Anyone have any ideas what it could be?


----------



## joeten (Dec 4, 2008)

Hi, run disc clean up and empty the browser cache, Deleting files using Disk Clean-up - Windows Help
https://support.google.com/chrome/answer/95582?hl=en-GB
you can also try running chkdsk /r http://www.tomshardware.co.uk/faq/id-2080276/run-chkdsk-windows.html


----------



## mrbaggins (Jun 15, 2010)

Thanks Joeten. Did all that and seemed to be running better. Been at work today, so I'll find out how it's been behaving when I get back home later and let you know if she's encountered any more glitches.

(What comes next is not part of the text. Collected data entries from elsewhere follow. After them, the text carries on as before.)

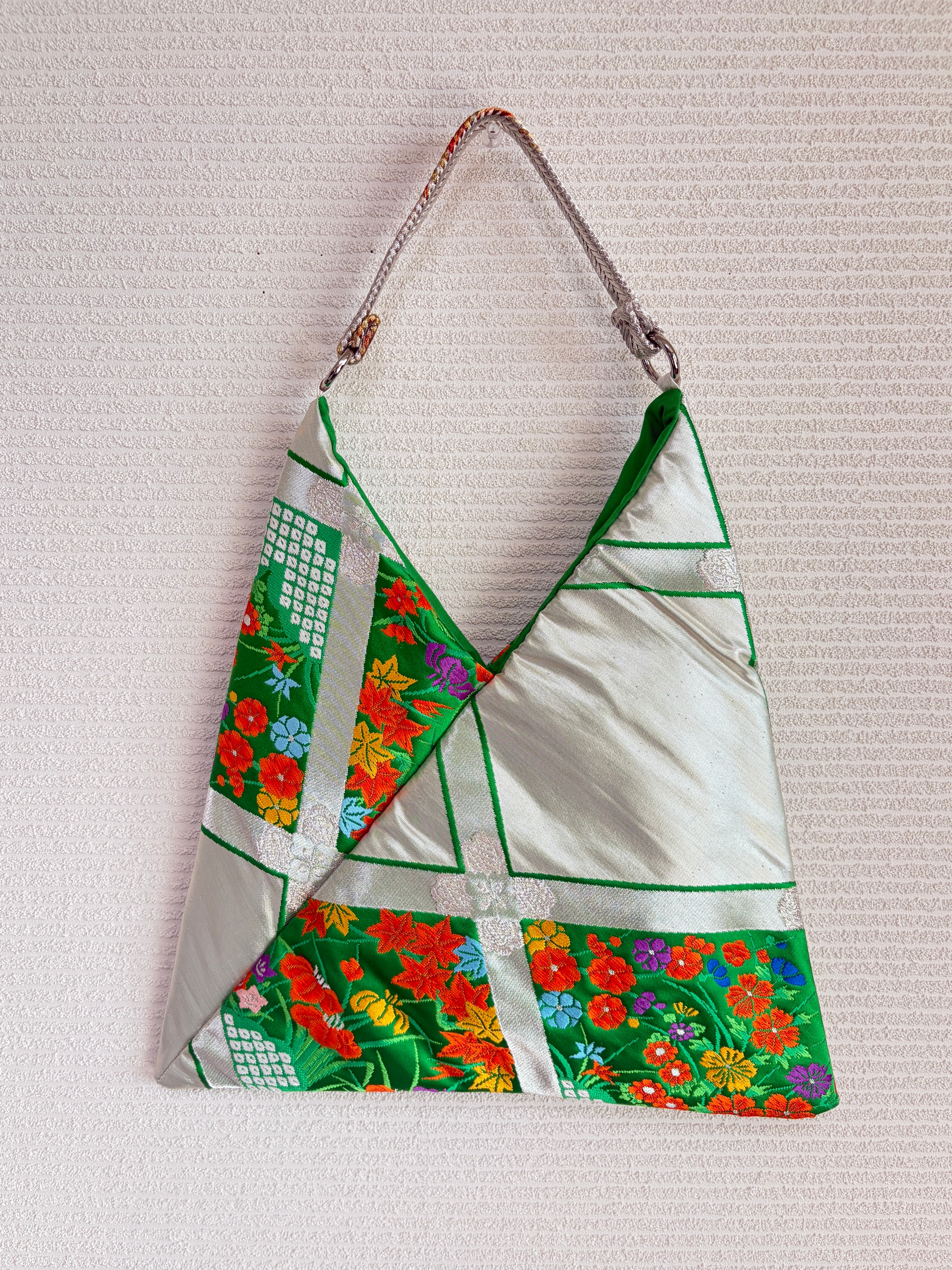 あずまバッグ大は、帯をリメイクしてあずま袋をモチーフにした一点物のバッグです。独自の色合いや柄使いが特徴で、他では見られないデザインが魅力です。帯の美しい生地を再利用することで、エコな取り組みにも貢献しています。
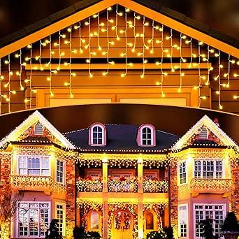 Ongebruikt, getest en werkend, ok, originele verpakking ontbreekt, Elegear Lichtsnoer voor buiten, 20 m, 800 leds, ijsregen, uitbreidbaar lichtgordijn met timer, IP44, warmwit, ijspegels, lichtketting, raam, 8 modi, kerstverlichting voor kerstdecoratie, dakrand, B0C9HY2QFW
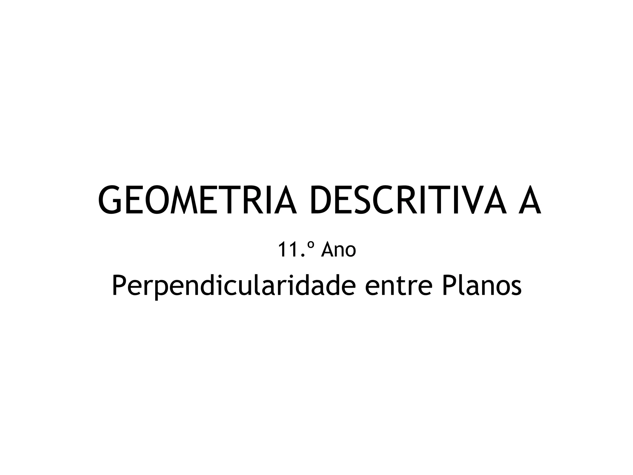 Este documento descreve os conceitos de perpendicularidade entre planos em geometria descritiva. Explica que um plano é perpendicular a outro se contiver uma reta perpendicular a esse outro plano. Detalha como determinar os traços de planos perpendiculares a planos oblíquos, bissectores e planos horizontais.
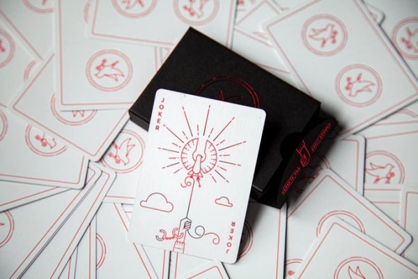 The pattern on the card back is the logo of our partnership with Hope For Justice, a non-profit that is dedicated to ending human trafficking. The custom Joker also features a dove. Dove releases have been around for thousands of years and many different cultures see a dove release as symbol of peace, love, innocence and freedom.
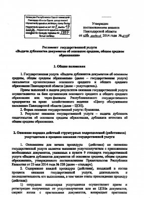 Стандарт государственной услуги «Выдача дубликатов документов об образовании»
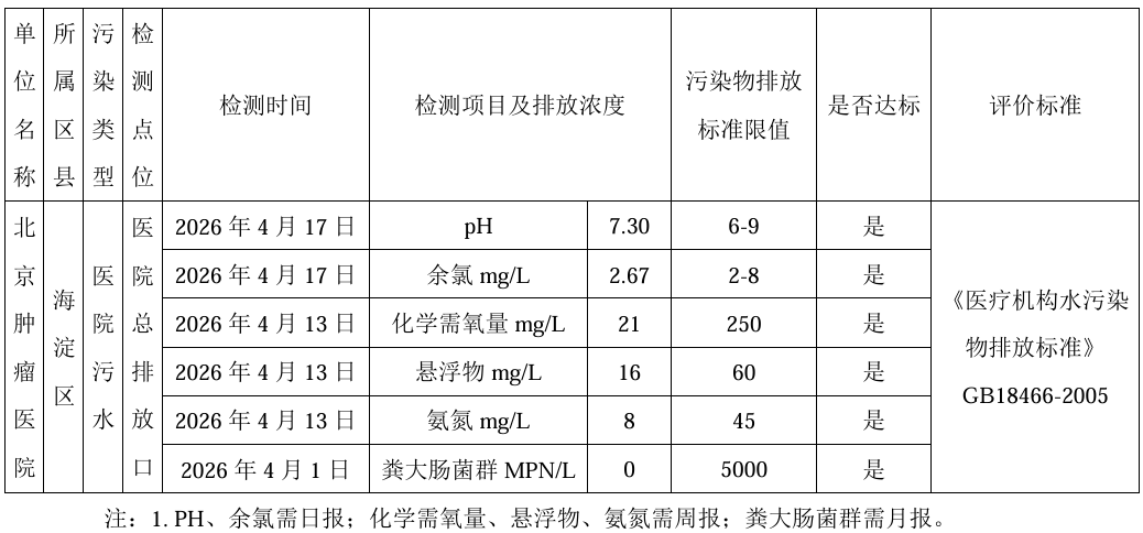 北京肿瘤医院污水处理监督性检测结果公开表
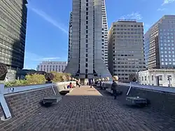 In 2014, the San Francisco Recreation & Parks Department conducted a feasibility study for redesigning and upgrading Portsmouth Square.[4][17][18] Designs were drawn up, and in 2021 it was publicly announced that the bridge would be removed as part of the redesign.[5][19] It was estimated that it would cost $2.1 million project to dismantle the bridge.[10][5] The permit with the city states that it would be the Hilton Hotel's responsibility to remove the bridge.[20] David Gonzalez, president of the hotel's owner Portsmouth Square Inc., said that the hotel did not want to pay to demolish the bridge.[12]
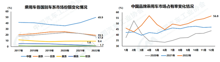 值得关注的是,近年来,中国品牌车企紧抓新能源、智能网联转型机遇,推动汽车电动化、智能化升级和产品结构优化,得到广大消费者青睐。同时,企业国际化的发展更不断提升品牌影响力。2022年以来,中国品牌乘用车市场占有率一路攀升。2022年中国品牌乘用车销量1176.6万辆,同比增长22.8%。市场份额达到49.9%,上升5.4个百分点。
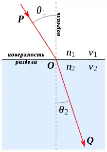 Это выражение представляет собой закон Снеллиуса[13].
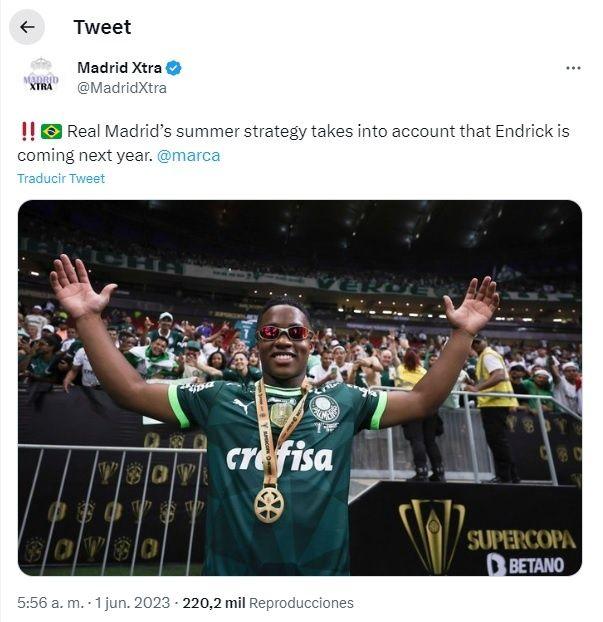 De acuerdo a la información de Marca, en Real Madrid preparan la estrategia que deje el terreno listo para sumar al brasilero Endrick de cara al próximo año. La joya de apenas 16 años es jugador de la Casa Blanca, quien se lo compró a Palmeiras a cambio de 35 millones pero lo dejó a préstamo en ese club para que siga sumando experiencia.
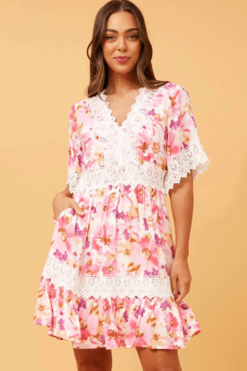 Bloom wherever you go in our Bouquet Lace Dress! 🌸💕 Embrace the charm of delicate flowers and elegant white lace in this short pink beauty. Perfect for those special moments when you want to feel as beautiful as a garden in full bloom
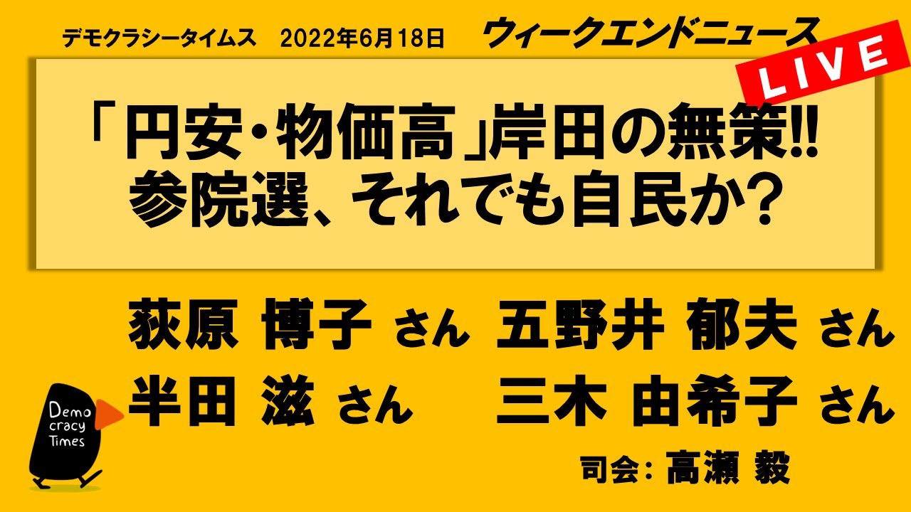 【今週のテーマ】 ・円安、物価高・国会閉幕・参院選 ・原発事故 最高裁は国の責任否定 ・ウクライナ長期戦へ支援拡大 【出演】 荻原 博子さん (経済ジャーナリスト) 五野井 郁夫さん (政治学者、高千穂大学教授) […]
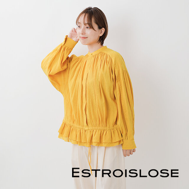 ESTROISLOSE(エストゥロワルーズ)より、コットン ストライプ 裾フリル ブラウスのご紹介です。
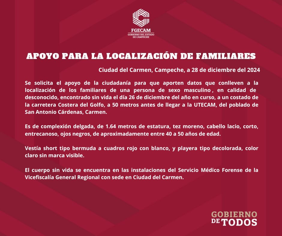 Fue a través de una pleca que la FGECAM pidió la colaboración de la ciudadanía para dar con información que conlleve a la identificación del cuerpo de un hombre que vestía bermuda de cuadros rojo con blanco y una playera decolorada.
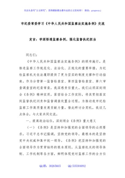 / 市纪委常委学习《中华人民共和国监察法实施条例》交流发言:学深悟透监察条例,强化监督执纪担当
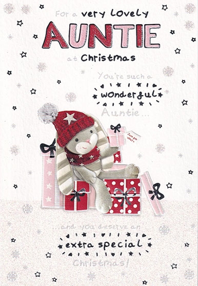 Verse reads: Front... You're such a wonderful Auntie and you deserve an extra special Christmas Inside... Love you lots and lots!
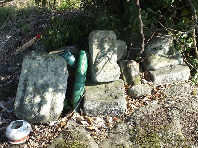 | 下東川津町納佐 | 道路脇の壊れた石地蔵 | 田畑の中の径を進む。 |
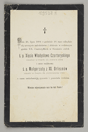 Zawiadomienie o złożeniu w rodzinnych kryptach kościoła w Sieniawie.
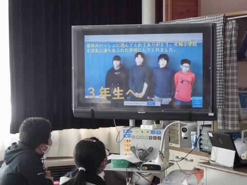 3時間目に6年生を送る会を行いました。今年度は新型コロナウィルス感染症対策のため、オンラインで実施しました。
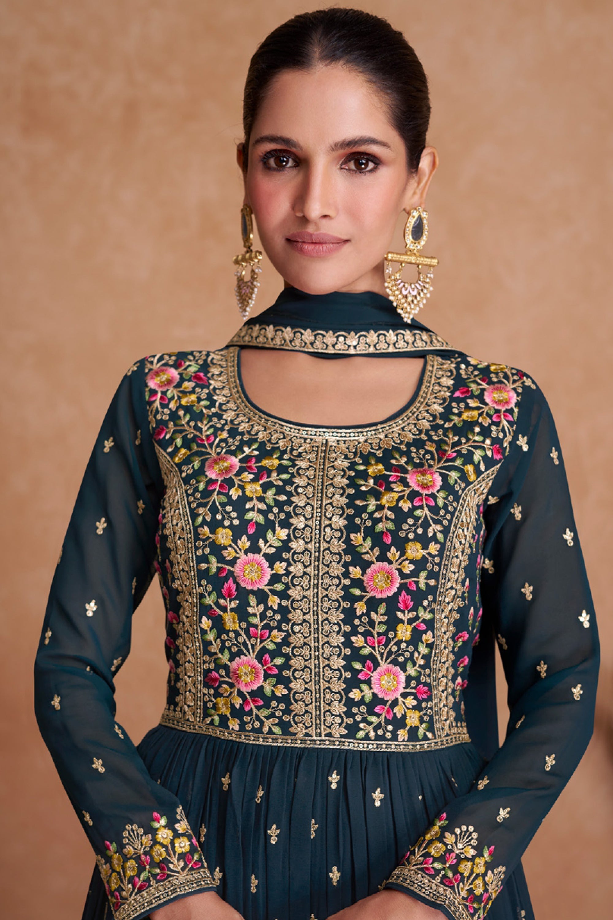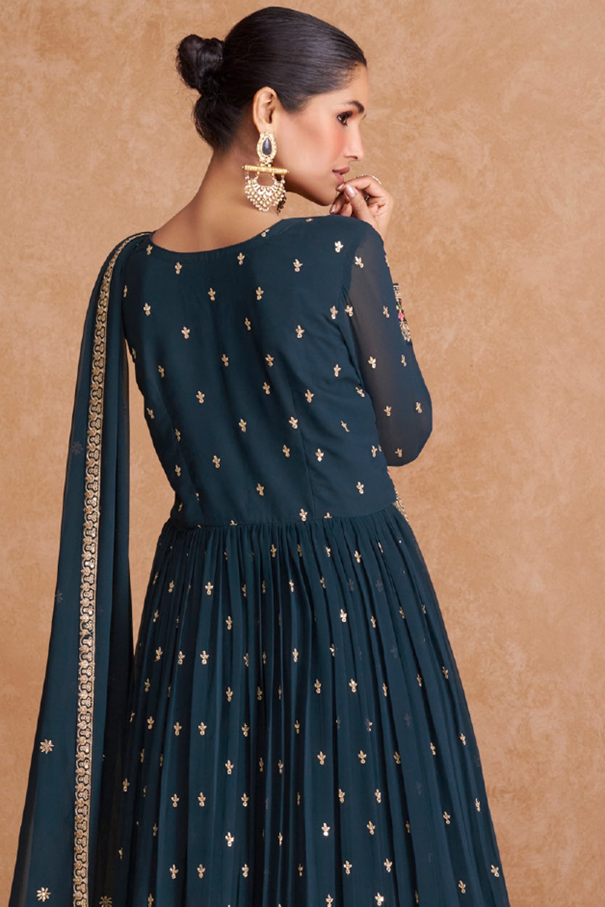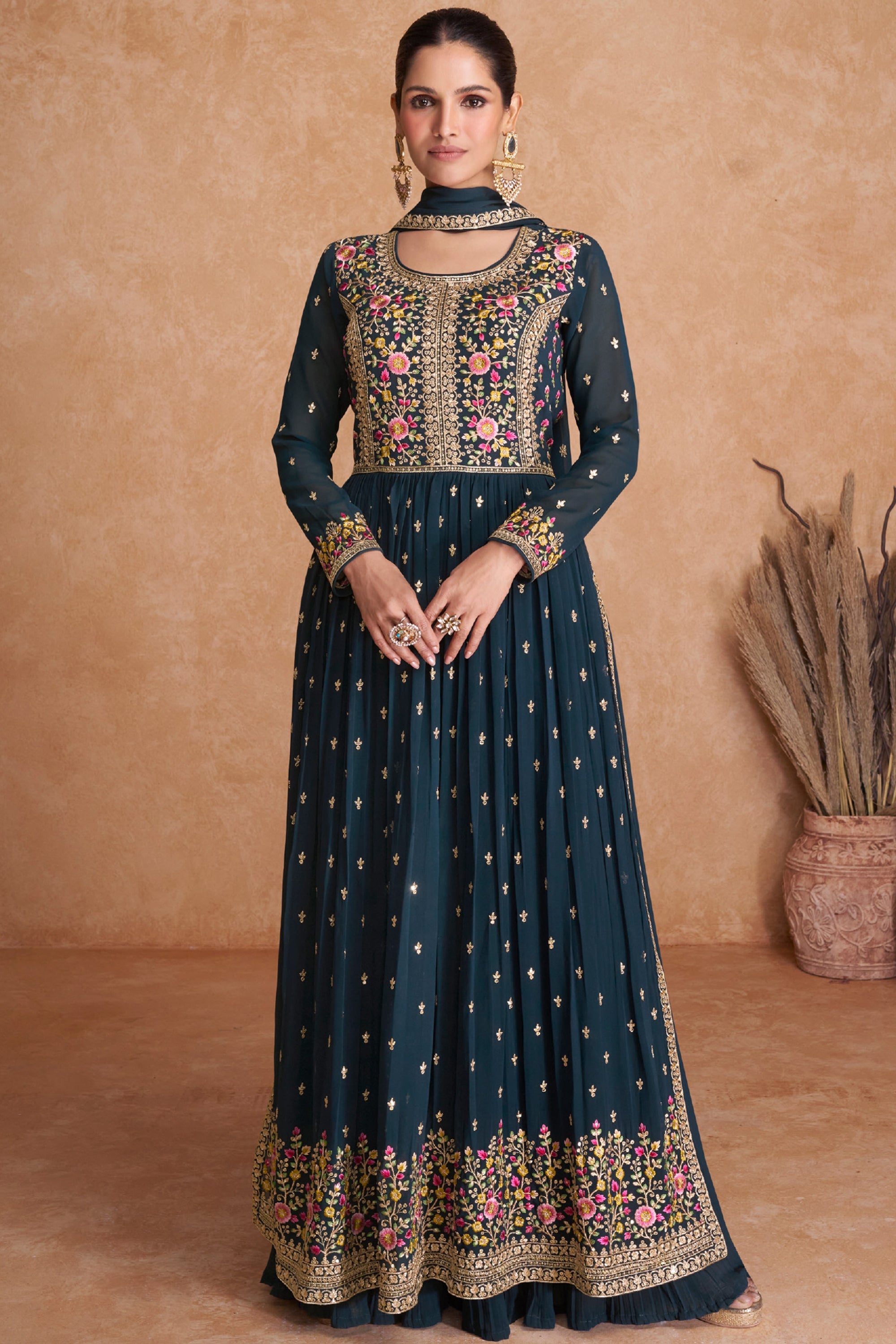 Georgette Fabric Navy Blue Color Festive Wear Embroidered Readymade Designer Long Anarkali Salwar Kameez

I also restored the system back a week, and it looked as though Chrome had reinstalled itself in that time, because it came up on the list of products affected, even though I installed it a month back. Wondered if what appeared to be Chrome could have been hijacked by something more malicious? So uninstalled and reinstalled that too.


----------



## joeten (Dec 4, 2008)

1 possibility I can think of is flash, it had some security issue and FireFox blocked it, I wonder I something similar occurred with Chrome.
Mozilla blocks Flash by default on Firefox browser - BBC News


----------



## mrbaggins (Jun 15, 2010)

That's interesting, as I did see some messages about Flash.

Seems some sites and videos do need Flash to run, so guess we're best keeping it on there. Presumably they'll be working on something to fix it?


----------